We walk along the ocean, eating candy and throwing the wrappers in the water. You said it was too cold to go on a walk. I secretly agree, but this way I get to see your nipples poking up from beneath your sweater.
The sea monsters are very active today. This makes you smile, seeing the giant purple squid and the submarine-sized sea-scorpions frolicking a few hundred yards from the shore. Down the beach I can see a large, black mass. Maybe something washed up.
We keep walking, and as we near the thing the air becomes fouler. It’s a whale. Neither of us have seen one since we were children.

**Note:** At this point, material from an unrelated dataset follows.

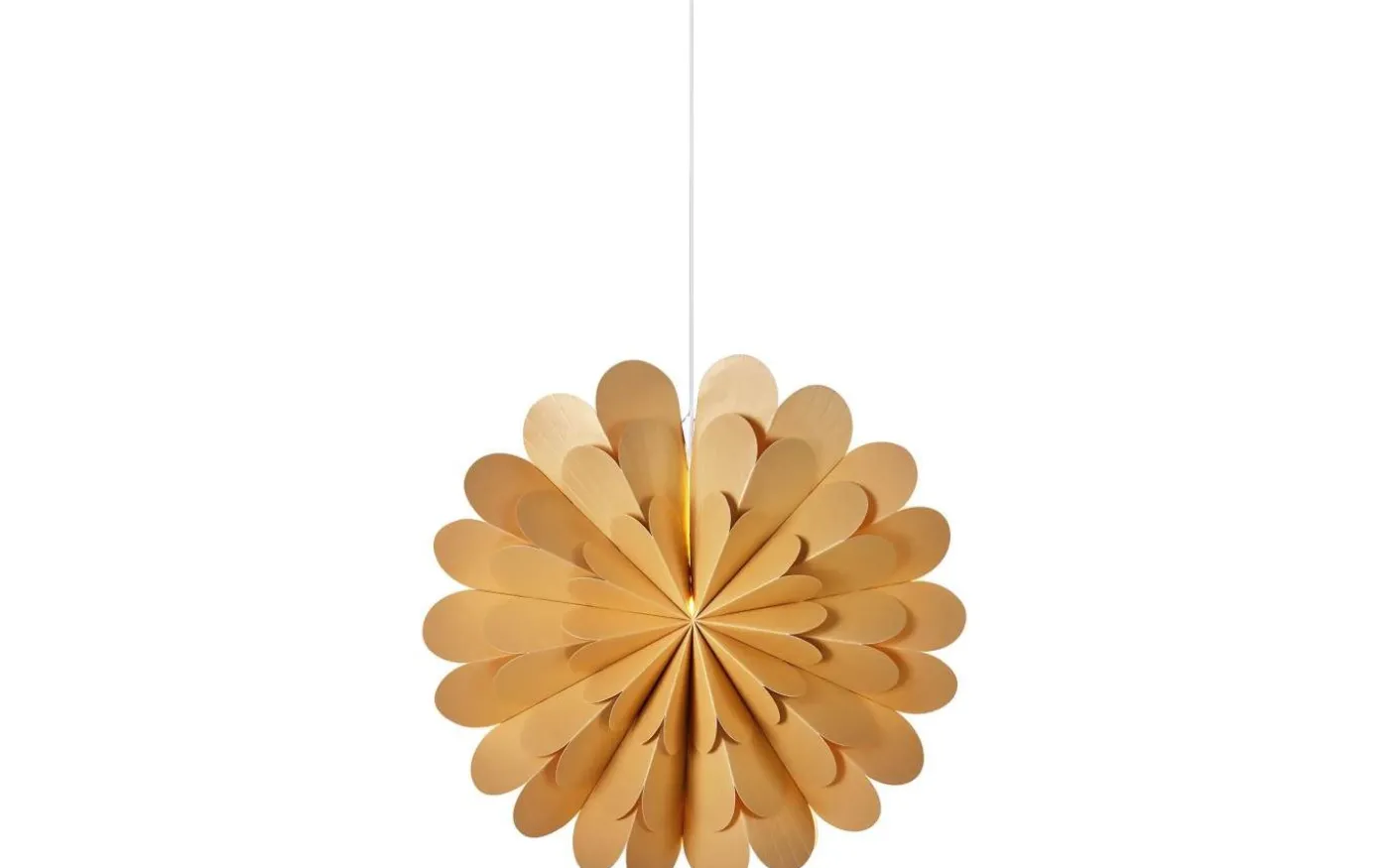 Fönsterlampan passar utmärkt i juletider, men också under övriga tiden på året. Det veckade pappret skapar ett vackert ljussken i rummet. Denna stjärna är en syster till den populära Marigold. En mer avskalad variant utan gulddetaljer men med samma härliga blommande känsla. Tekniskt: Lampan kräver en glödlampa med liten sockel (E14) om max 6W i LED, ingår ej. 3,5m vit sladd med strömbrytare. Lampan är dimbar.

“I thought whales went extinct five years ago,” you say, looking in disgust at the great rotting beast. Hand-crabs swarm the carcass. Blubber and blood spills out everywhere, onto the sand, and the hand-crabs poke at it with their pink digits. As we near they give us the middle finger, unhappy to have their feast disturbed.
I stare at your tits for a little while as you stare at the wrecked mammal. We have both finished our candy.
We stare at the dead whale for some time, covering our faces with our hands because of the smell. More people show up, and they all stare with us. At last, a man with glasses wearing a nice jacket walks up. He carries a clipboard and looks official, since his jacket has some kind of emblem on it.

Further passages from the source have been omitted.